Data:
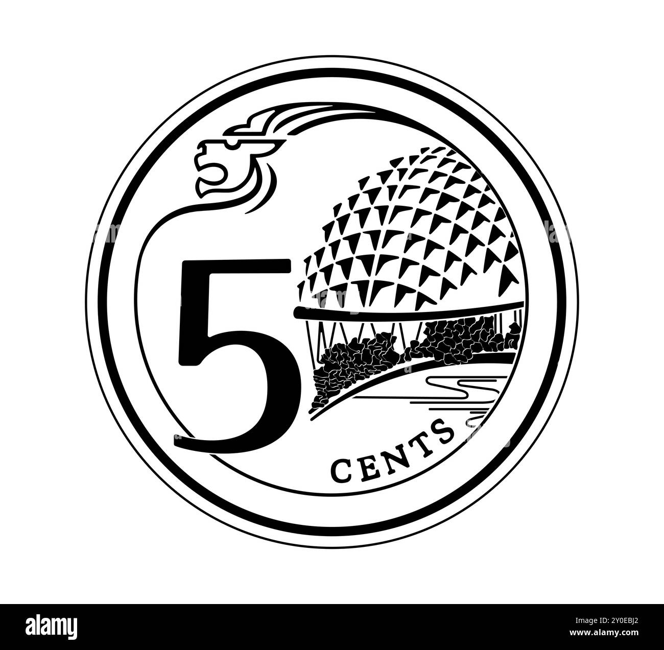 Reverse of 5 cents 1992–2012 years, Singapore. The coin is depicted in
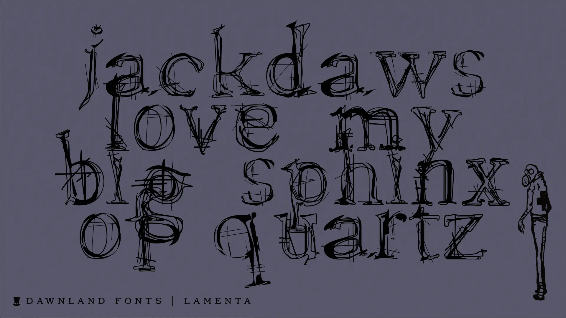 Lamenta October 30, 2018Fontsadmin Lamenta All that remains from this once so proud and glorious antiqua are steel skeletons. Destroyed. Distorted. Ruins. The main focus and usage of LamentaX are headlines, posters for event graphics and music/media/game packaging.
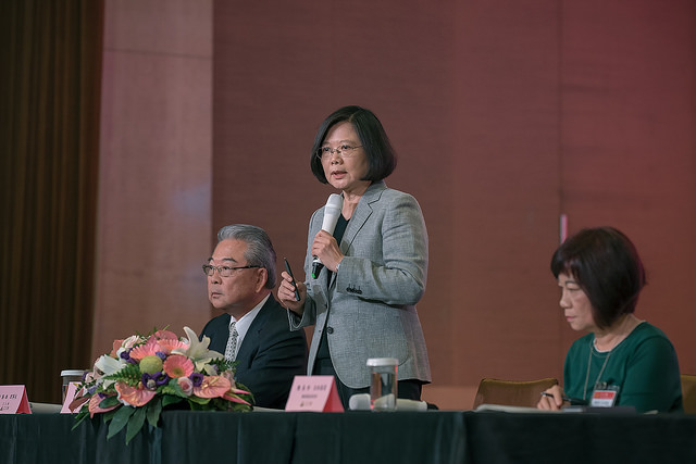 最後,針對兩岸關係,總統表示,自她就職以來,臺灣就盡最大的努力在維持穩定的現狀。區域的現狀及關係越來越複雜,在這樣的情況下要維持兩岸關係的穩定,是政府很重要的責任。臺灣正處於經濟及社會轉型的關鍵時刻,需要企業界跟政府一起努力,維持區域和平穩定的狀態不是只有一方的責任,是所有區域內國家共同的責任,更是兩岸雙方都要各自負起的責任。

Problem description:
The task requires restating verbatim the lines from the one that holds "Lamenta October 30, 2018Fontsadmin" through the end of the listing, both ends counted, and no pictures.

Response to the task:
 Lamenta October 30, 2018Fontsadmin Lamenta All that remains from this once so proud and glorious antiqua are steel skeletons. Destroyed. Distorted. Ruins. The main focus and usage of LamentaX are headlines, posters for event graphics and music/media/game packaging.
 最後,針對兩岸關係,總統表示,自她就職以來,臺灣就盡最大的努力在維持穩定的現狀。區域的現狀及關係越來越複雜,在這樣的情況下要維持兩岸關係的穩定,是政府很重要的責任。臺灣正處於經濟及社會轉型的關鍵時刻,需要企業界跟政府一起努力,維持區域和平穩定的狀態不是只有一方的責任,是所有區域內國家共同的責任,更是兩岸雙方都要各自負起的責任。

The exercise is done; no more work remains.